Toast nuts at 350F for 5-10 mins, then when cool enough to handle rub them with a clean kitchen towel to get most of their skins off. Pulse them in a food processor (or chop them by hand) until very fine. Measure out the baking soda and set aside. Prepare a sheet pan with a silpat or buttered aluminum foil.

In a heavy saucepan on low heat, melt the butter, sugar, salt, and water together. Whisk constantly while melting to make sure it’s homogenous. Keep whisking; after a few minutes the mixture will begin to boil, like lava glugging.

Switch to a wooden spoon and continue to stir slowly for 7-15 minutes, while watching it like a hawk. It will slowly turn from milky white to tan to warm amber. When it reaches this color, before it goes into dark brown territory, remove from heat and quickly mix in the baking soda; it will lighten considerably and puff up.

Immediately pour the toffee out onto the prepared sheet pan and spread it as thinly as possible – if you can see the pan underneath through the toffee that’s a good thing, don’t worry about making it perfectly even. Quickly sprinkle it evenly with half of the chopped chocolate and let it sit for a minute to melt from the heat of the toffee, then spread it evenly to all the edges. Sprinkle evenly with half the chopped nuts, pressing them down gently so they stay put in the chocolate. Let it cool in the fridge for 15-30 minutes or until chocolate is no longer soft.
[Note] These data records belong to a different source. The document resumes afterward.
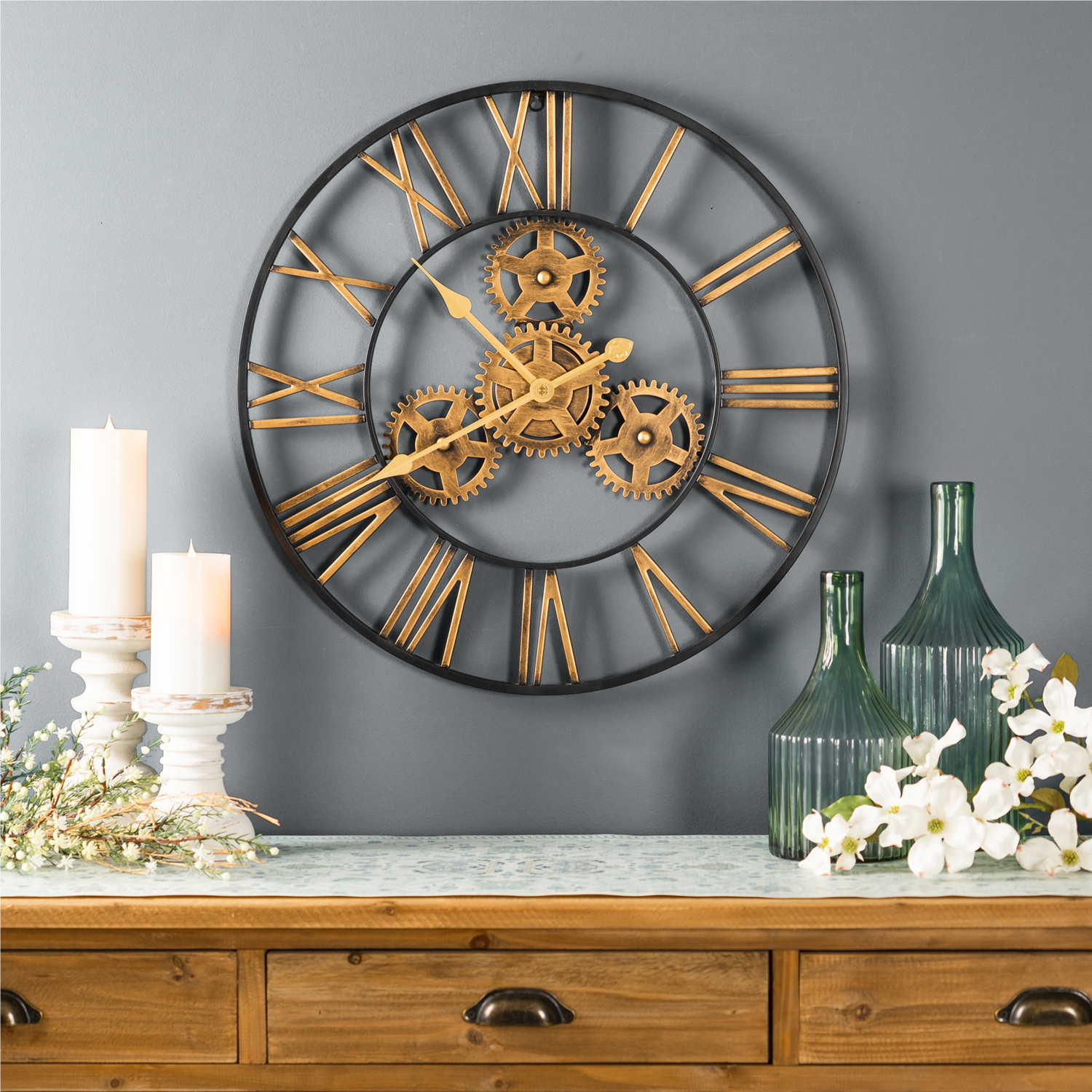 Enhance your space with the bold elegance of our Industrial Iron Gears Wall Clock. Featuring a striking black and gold finish, this 23.75-inch statement piece seamlessly blends vintage industrial charm with modern sophistication. The exposed-gear design and classic Roman numeral face create a timeless aesthetic, making it the perfect accent for living rooms, offices, or entryways. Crafted from durable iron metal, this clock is built to last. Battery-operated for easy installation (requires 1 AA battery, not included).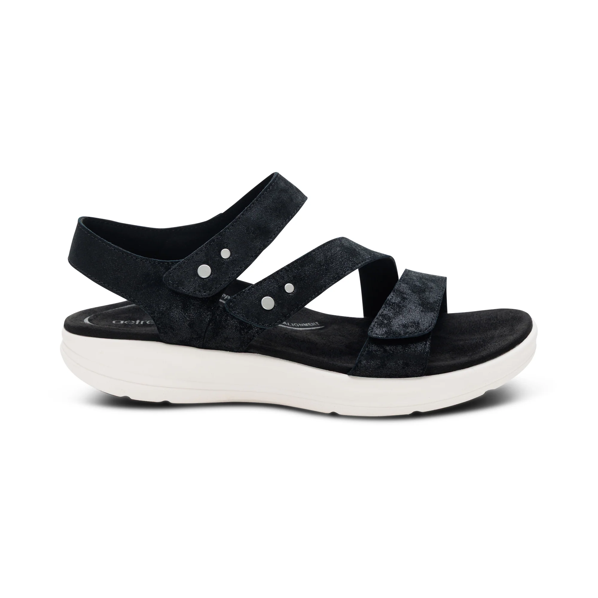 Experience next-level comfort with Savannah, a fully adjustable quarter-strap sandal, designed with innovative BioRocker™ Technology for a natural, effortless stride. Hook & loop provide a secure, customized fit, while the premium leather upper adds durability and style. The EVA midsole and rubber outsole deliver lightweight support and traction. The SkyTech™ microfiber-wrapped footbed, cobra heel pressure relief, and raised met-pad cushion offer targeted comfort and all-day cushioning. Each Aetrex shoe is anatomically designed based on data and learnings from over 50 million global foot scans. This ensures you’re getting the best fit for your feet and premium support for your body from the ground up.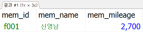 - 조회컬럼 : 회원아이디, 회원이름, 마일리지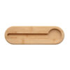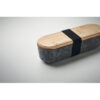 Federmäppchen aus RPET-Filz mit Deckel aus Bambus. Integrierter Handyhalter. Lineal: 5,5 Zoll und 13,5 cm. Elastisches Verschlussband.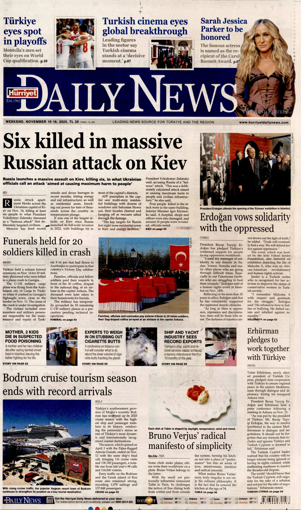 HÜRRİYET DAİLY NEWS Gazetesi 15 Kasım 2025, Cumartesi Günü Manşeti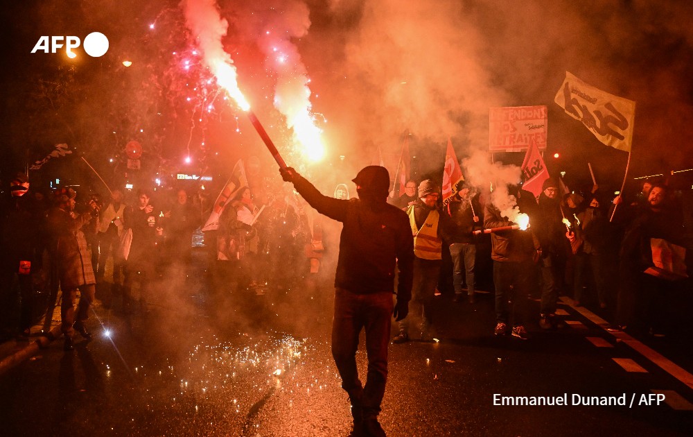 Demonstrators hold flares during a procession against a pension reform in Paris, on January 26, 2023. France's government on January 23, 2023, moved forward with a fiercely contested pensions reform plan that would raise the retirement age to 64, saying balancing the system's books must be top priority.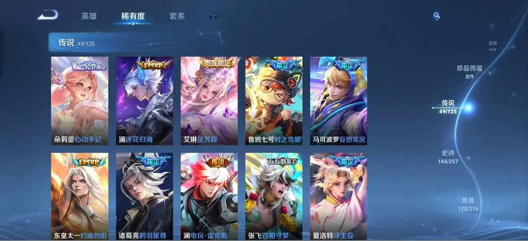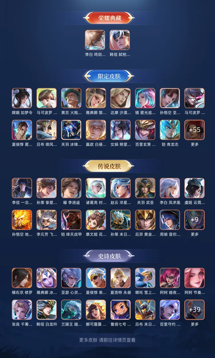 本游戏账号: V10用户,基础段位:最强王者,英雄多,皮肤多。典藏皮肤2个,感受典藏皮肤带来的优质体验快感,FMVP皮肤10个,尽情享受FMVP皮肤带来的主角光环, 私人所属英雄皮肤有:李白 鸣剑·曳影||韩信 弑枪猎影诸葛亮 鹤羽星尊||诸葛亮 武陵仙君||诸葛亮 时雨天司||铠 绛天战甲||百里守约 碎云||梦奇 胖达荣荣||孙尚香 末日机甲||鲁班七号 时之奇旅||孙策 挚爱之约||孙策 末日机甲||周瑜 音你心动||曜 李逍遥||澜 电玩·雷克斯||宫本武藏 地狱之眼||李白 诗剑行||李白 凤求凰||马可波罗 妄想实况||狄仁杰 超时空战士||达摩 黄金狮子座||夏洛特 浮生妄||关羽 武圣||貂蝉 仲夏夜之梦||王昭君 乞巧织情||花木兰 燃星之曲||艾琳 觅芳踪||张良 黄金白羊座||孙悟空 地狱火||后羿 黄金射手座||张飞 百相守梦||李元芳 飞鸢探春||虞姬 云霓雀翎||虞姬 启明星使||蔡文姬 花朝如约||裴擒虎 寅虎·赤拳||赵云 淬星耀世||李信 一念神

Melt the remaining chocolate. Once the toffee is completely cooled, flip it over and spread the melted chocolate thinly over the the entire surface then immediately top with the remaining chopped hazelnuts, again pressing them into the chocolate. Work quickly because the chocolate will start to set up right away on the cold toffee. Throw it back in the fridge for another few minutes until chocolate is completely set. (You can also skip spreading both sides with the chocolate and nuts, it’s still delicious if only one side is covered!)

Once cooled, either use a sharp knife or use your hands to crack the buttercrunch into small pieces. Keep in an airtight container at room temperature for up to a week. Crumble it over ice cream, fold it into whipped cream, or – my personal favorite – eat it alone as the addictive snacking food that it is.

buttercrunch stack

 

2 thoughts on “Hazelnut Buttercrunch Toffee

  1. These look super awesome for the holidays, and my boys would 120% demolish these upon sight. Definitely not old ladies’ candy. Though I know some “older ladies” who are divas in the kitchen 😉 Thanks for sharing these decadent treats!